С тех пор врачи анестезиологи-реаниматологи — одна из самых элитных специальностей, они ангелы-хранители, которые очень часто остаются за кадром сложных клинических случаев и операций, но их невидимое присутствие — залог жизни пациента и его последующего восстановления после операции. Накануне профессионального праздника мы поговорили с анестезиологом-реаниматологом краевой больницы, который почти 100 дней провел в «красной» зоне коронавирусного госпиталя — Алексеем Антиповым. Правила жизни врача, который очень любит свою работу — в материале ниже.
Алексей Антипов — врач анестезиолог-реаниматолог Краевой клинической больницы с 23-летним стажем, работает в отделении кардиореанимации. Окончил красноярскую медакадемию, начинал профессиональную деятельность как медбрат-анестезист в первой городской больнице на Вейнбаума.
О работе
Я бы не стал говорить, что анестезиология лучше хирургии, психиатрии или любой другой медицинской специальности. Я бы сказал, что в медицинской среде к анестезиологам-реаниматологам относятся с уважением. Анестезиологи очень часто сталкиваются с критическими и неотложными ситуациями, поэтому должны обладать быстрой реакцией, решительностью и, вместе с тем, выдержкой и хладнокровием.

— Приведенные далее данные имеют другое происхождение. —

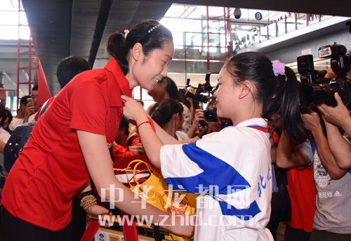 9月7日,一名學(xué)生在機(jī)場(chǎng)為載譽(yù)歸來(lái)的朱婷佩戴紅領(lǐng)巾。

Помимо этого анестезиолог-реаниматолог должен много знать, уметь, быть ответственным и коммуникабельным.
Студентом я пытался увидеть себя хирургом, участвовал в операциях, но все-таки анестезиология показалась мне более интересной.
В операционной ответственность за жизнь пациента лежит на анестезиологе-реаниматологе. Ещё до начала операции анестезиологу необходимо изучить пациента, при необходимости — обследовать и подготовить его. От этого зависит выбор наиболее безопасного метода анестезии. Во время операции обязанностью анестезиолога является защита пациента от хирургической травмы, контроль и поддержание его жизнедеятельности.
Реаниматолог работает в палате реанимации, является лечащим врачом тяжелых больных. Как и в операционной, мы контролируем и поддерживаем все жизненно важные функции больного, а при необходимости можем обеспечить их замещение. Современные технологии позволяют заменить работу сердца, легких, печени или почек. Благодаря им сейчас пациент даже с необратимыми поражениями органов может дождаться пересадки (трансплантации) здорового донорского сердца, печени или почек. Выполнение сердечно-лёгочной реанимации у больных в состоянии клинической смерти также является обязанностью анестезиолога-реаниматолога.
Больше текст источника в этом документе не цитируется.